In November 2009, not coincidentally, a team of specialists from Pentagon and American geologists discovered mineral deposits in Afghanistan worth about 1 trillion (a thousand billion) of dollars.[3] In early September 2010, the Minister of Mines of Afghanistan, Wahidullah Shahrani came out at the ramp with a statement which, literally overthrew the stock exchanges in London, New York and Tokyo. Afghan official said that, following repeated research, carried out by American geologists and Pentagon specialists, the deposits value of natural minerals, initially estimated at about 1 trillion dollars is actually much higher.
According to data submitted by American scholars, only lithium reserves in Afghanistan are higher than those held by Bolivia, the country considered, by 2009, the first world exporter. Similarly, the natural reserves of copper and iron are well above the original estimate. Only iron reserves in Bamyan province are higher than those in Western Europe. Shahrani has said that U.S. data, according to which mineral reserves found would be worth „only” 1,000 billion dollars, were launched particularly, because a year ago Washington did not want to destabilize profile markets by announcing a sum of their value of about 3,000 billion dollars.

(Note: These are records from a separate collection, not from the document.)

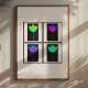This electrifying artwork features a striking set of neon-hued lotus flowers glowing against a deep black background. The vibrant greens, blues, and purples radiate with energy, giving a modern, psychedelic twist to the serene lotus motif. Each flower seems to pulse with light, creating a dynamic contrast between nature and neon. Perfect for adding an edgy, futuristic vibe to any space, this art piece is sure to captivate and energise.
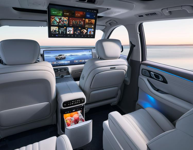 中高配车型还搭载了千里浩瀚H5高阶智驾,内置英伟达Orin-Y芯片+双目摄像头,支持遥控泊车、记忆泊车、循迹倒车、高速/城区领航辅助等,配备有智驾小蓝灯。20万以上的配置搭载有前后排多层隔音玻璃、17.3英寸后排吸顶屏、32英寸AR-HUD抬头显示系统、第二排座椅加热/通风/按摩、后排小桌板、第三排座椅加热、车载冰箱、魔毯智能悬架等。
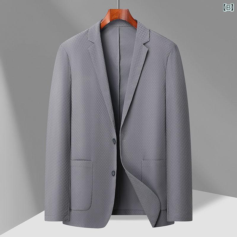 ・カテゴリ: カジュアルジャケット・スタイル: ベーシック・性別: メンズ・対象年齢層: 成人・主な素材: ナイロン83.2%・裏地素材: ポリエステル・ネックライン: テーラードカラー・フロント: シングルブレスト2つボタン・袖丈: 長袖・着丈: レギュラー丈・シルエット: ストレート・柄: 無地・機能: 通気性・着用シーン: デイリー・加工: 高温成型・デザインディテール: ステッチ・ポケット: 立体パッチポケット・裾デザイン: ストレート・カラー展開: ブラック、グレー・サイズ展開: 180, 185, 190, 195, 200, 205, 210, 215・サイズ区分: 大きいサイズ
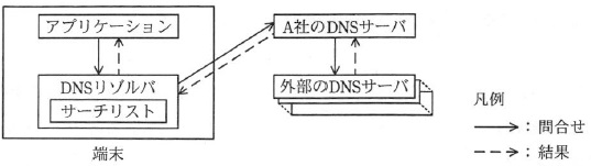 ホスト名に対応する IP アドレスを知りたいアプリケーションは,DNS リゾルバ (各端末で動作し,DNS サーバに IP アドレスの問合せを行うプログラム)に, ホスト名に対応する IP アドレスを問い合わせる。問合せを受けた DNS リゾルバは, A社の DNS サーバに問い合わせる。 問合せを受けた DNS サーバは,問い合わせられたホスト名が自分で管理している ホスト名であれば対応する IP アドレスを返す。そうでなければ外部の DNS サーバに 問い合わせ,その結果として得られた IP アドレス,又は見つからなかったことを 示すエラーのいずれかを返す(図1)。
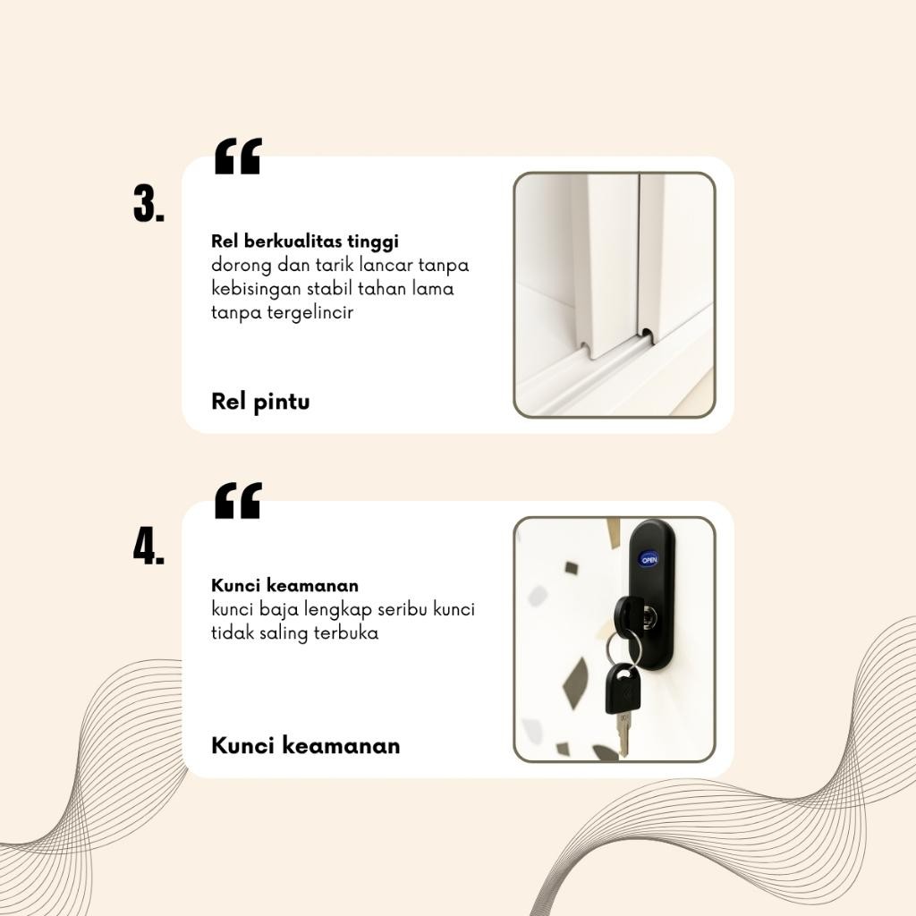 JF- Lemari Pakaian Besi Lemari Pakaian 90cm 2 pintu slidding 1 Hanger Cermin Minimalis
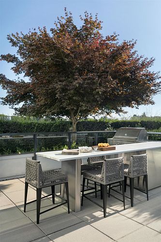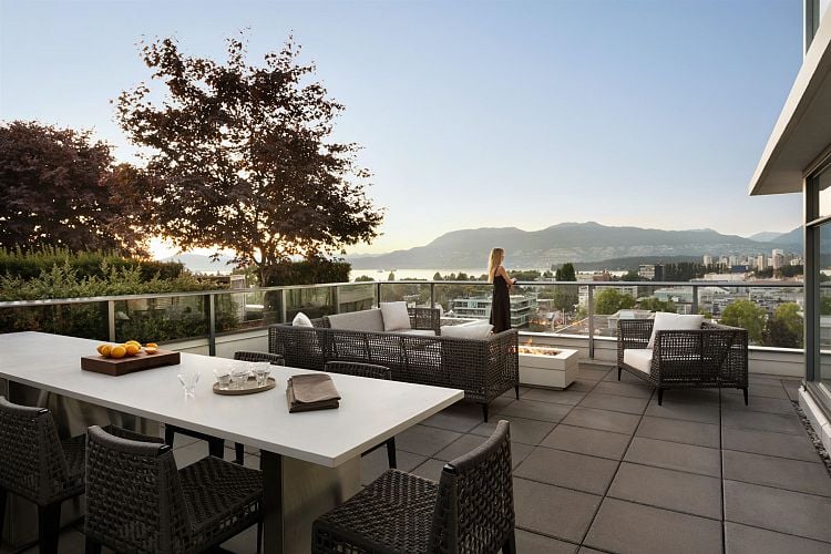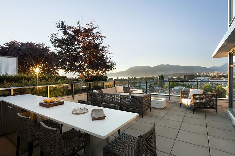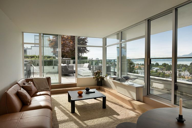 A View From the Top — terrace penthouse by untitled design agency crowns Kits360 with a zen-inspired terrace framing cinematic views of ocean, city, and mountains. Reimagined from the studs up, the home is a study in light, proportion, and detail — featuring a neutral palette consisting of natural materials, custom-built cabinetry, motorized blinds, and subtle architectural reveals that blend seamlessly into the design. Inside and out, spaces flow effortlessly — from open living areas to the built-in outdoor kitchen, lounge, and dining, all enveloped by curated greenery. A place where time slows, hearts skip a beat, and design finds its calm. Includes parking, storage, concierge, and fitness studio. Steps from West 4th shops, Kits Beach, and Vancouver’s finest cafés and restaurants.
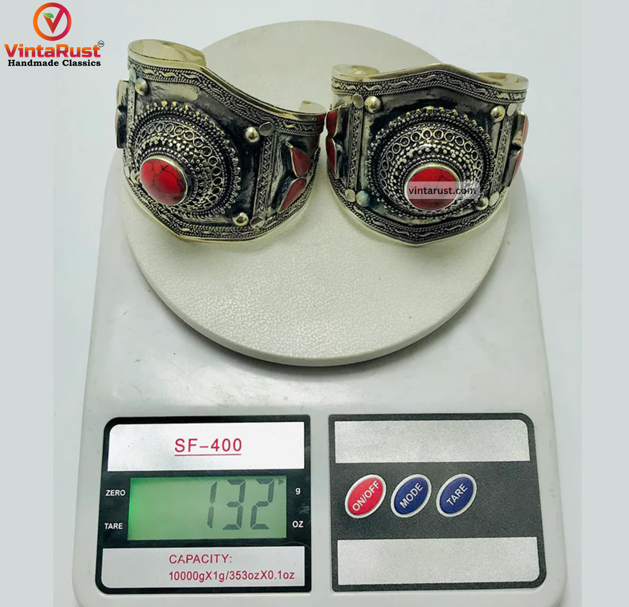 Experience the timeless beauty and craftsmanship of Afghan tribal jewelry with these mesmerizing cuffs. Each cuff features coral stones, showcasing one oval-shaped semiprecious stone at the center with hammered design.
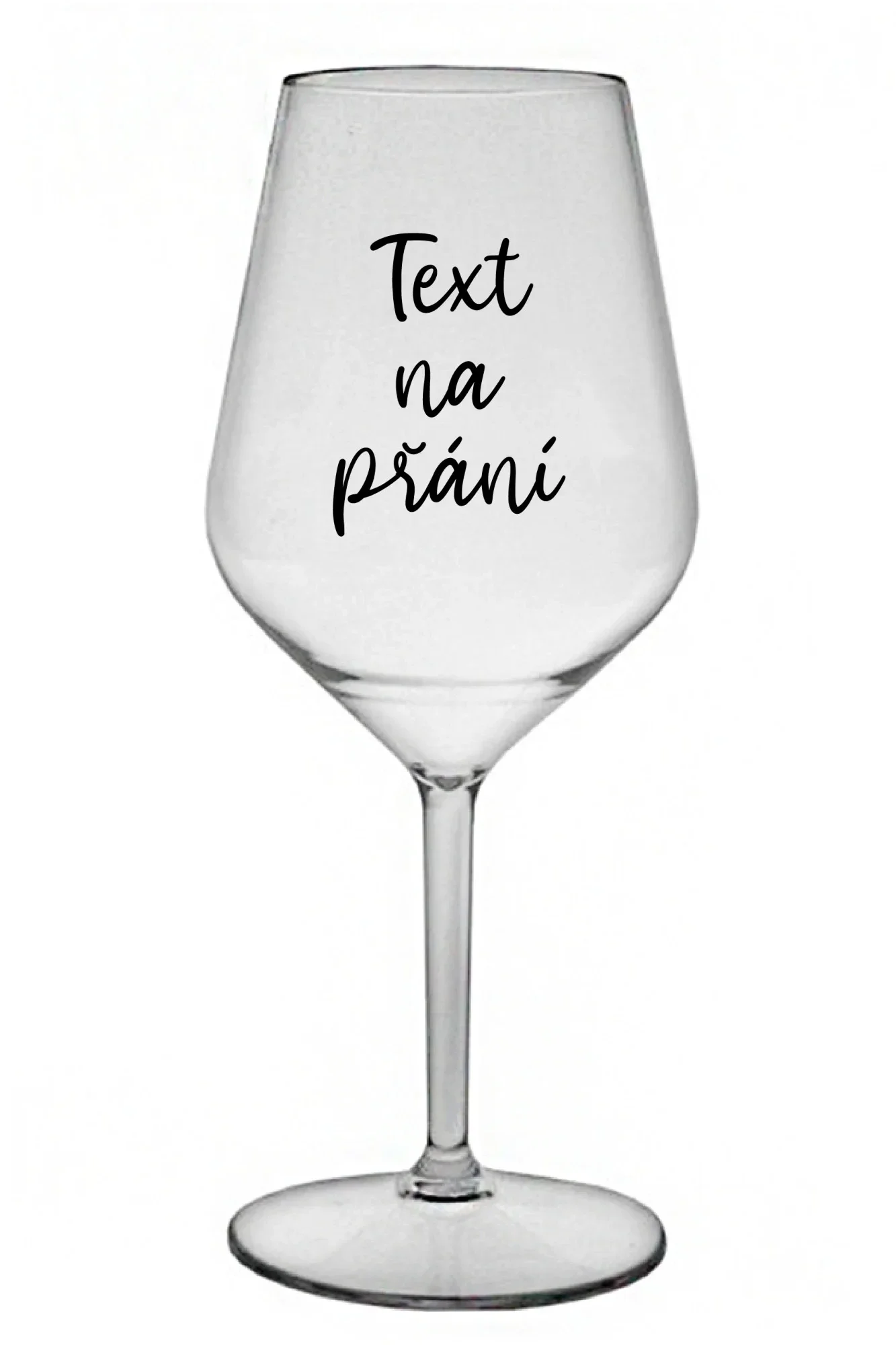 TEXT NA PŘÁNÍ - čirá nerozbitná sklenice na víno 470 ml

According to some U.S. officials, the new discovery has fundamentally changed the economy of Afghanistan, and the course of the unjustly war held by the U.S.A. for these resources, which are actually the property of Afghanistan. New warehouses, previously unknown, which contain huge veins of iron, copper, cobalt or gold and critical industrial metals such as lithium, are so big and include so many minerals essential to modern industry that Afghanistan could be transformed eventually in one of the most important mining centres in the world. According to an internal memo of Pentagon, Afghanistan could become „Saudi Arabia of lithium,” a key material in the manufacture of batteries for laptops.[4]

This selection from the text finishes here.